She stole his hand from his pocket - an absconsion of palm - and went to whisk him away, introducing herself in a hurry, “I’m Milan, like the French-Czech author.” But her name was actually Camilla, which was shortened to Mila when she was an infant by her mother who found the sound more soothing to the colicky baby. “Meee-la. . . Meee-la,” Camilla’s mother would coo the abbreviated name as she’d rock the unsatisfied infant because the name Camilla had as much pacification as an upright victorian chair.
Mila introduced herself as Milan because she’d just finished “The Unbearable Lightness of Being;” the book, not the movie, as Mila(n) committed herself to purity of word and refused to see any book-to-film adaptations. So with the flick of a name change, she wrote her own new narrative and detached herself from her name like the retina detaches itself from the eye, both in violent attempts to go blind.
Little did Mila(n) know that her favorite secret movie, the one her family would catch her “accidentally” watching as she “scrolled” through Cable channels, was based on a book. Thorp’s novel “Nothing Lasts Forever” became the movie “Die Hard,” and so Thorp’s Joe Leland became McTiernan’s John McClane. When others would talk about action movies, Mila(n) would wave her hand to shoo away invisible flies and bad taste while announcing, “I prefer Jodorwosky and Svankmajer to any American action movie.” She had a clear idea of the person she wanted to be all the while ignoring the person she was. It was lost on her that liking Jodorowsky and McTiernan were not mutually exclusive, or that people with “taste” were not much fun.
In her post Kundera haze, Mila(n) was feeling dizzy and dazzling in her search to find power in her weakness. She wanted to wreck the boredom of her relationship with drama and agony. So she went to pull her boyfriend into a romantic gallop, hands wet with sweat, hearts connected in an understanding of the arc of romantic comedies. But he slipped his hand from hers, looking both bewildered and annoyed, and huffed “Enough games, Mila. Let’s just get brunch. The line is down 20 people by now.” She hated brunch, but was hungry and out of ideas.
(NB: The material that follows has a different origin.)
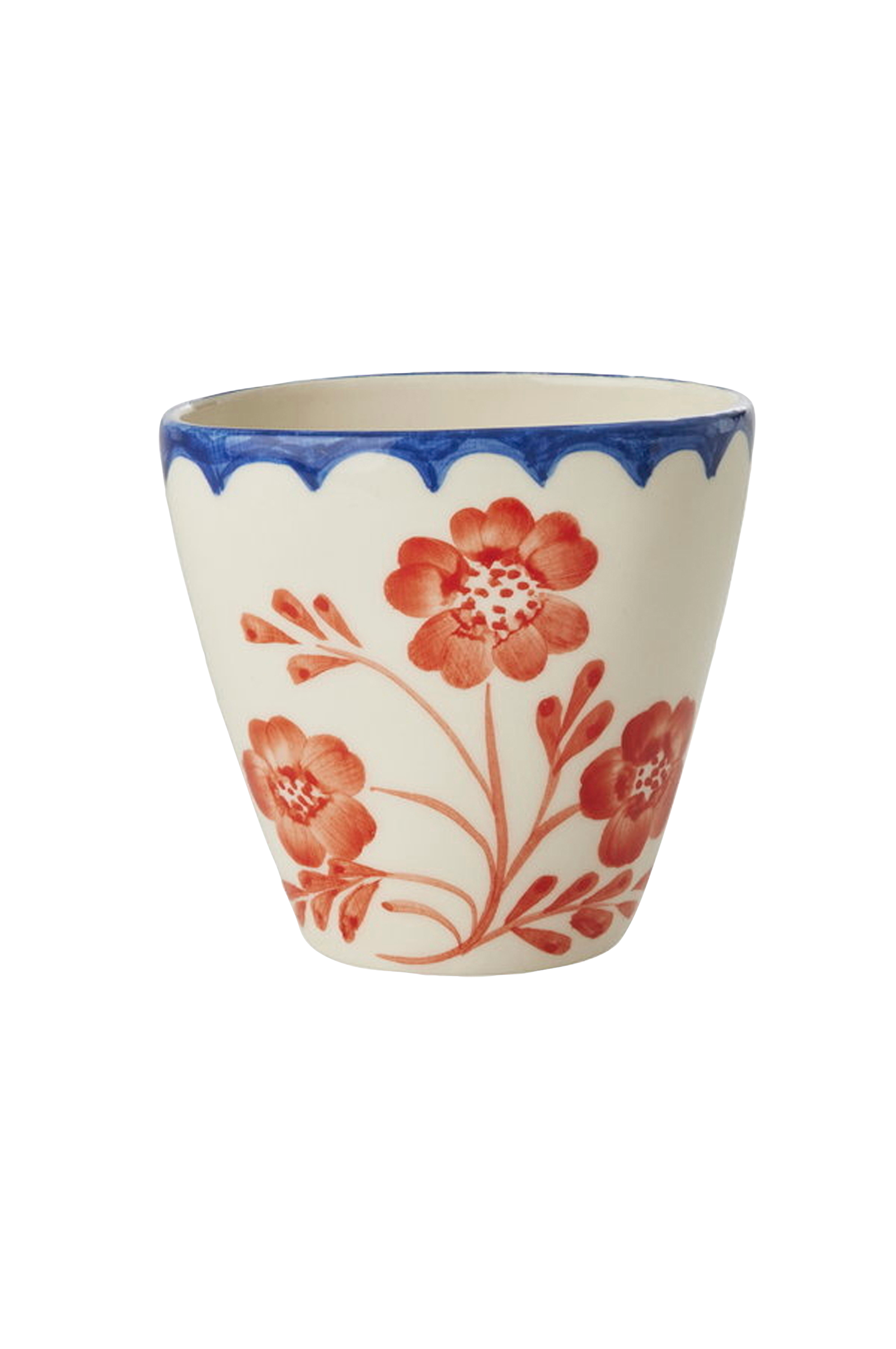 Nauti aamukahvisi tässä soikeassa keraamisessa mukissa, jossa on kauniita vintage-henkisiä kukkayksityiskohtia. Ryhmä upeita portugalilaisia naisia on maalannut mukin käsin, joten jokainen muki on todella ainutlaatuinen. Meidän mielestämme se on niin viehättävä! Mahdollisten rengasjälkien tai puupöytien vaurioitumisen välttämiseksi suosittelemme käyttämään aluslevyä, kun laitat kuumia juomia keraamisiin kuppeihin tai mukeihin. Kuumuus voi joskus aiheuttaa kosteuden tunkeutumista pintaan, mikä voi ajan myötä jättää jälkiä. Suojaa huonekalusi tällä yksinkertaisella toimenpiteellä!

Years later, Mila would finally read “Nothing Lasts Forever” while riding a train to Lithuania. It was darker than the movie adaptation. Joe Leland was actually 25 years John’s senior and was visiting his daughter, not his estranged wife. The terrorists included women who were just as deadly as the men, and Joe’s daughter goes tumbling backward out the window along with Hans. The only other character left alive besides Joe was Sergeant Powell. A true buddy cop book, sans any comical one-liners or love interests. Mila thought back to that day waiting for overpriced eggs in the Eastlake neighborhood of Seattle and realized she’d misread Kundera and should’ve grabbed her own hand and ran that day.
Whoa. Simple and bang. She should have.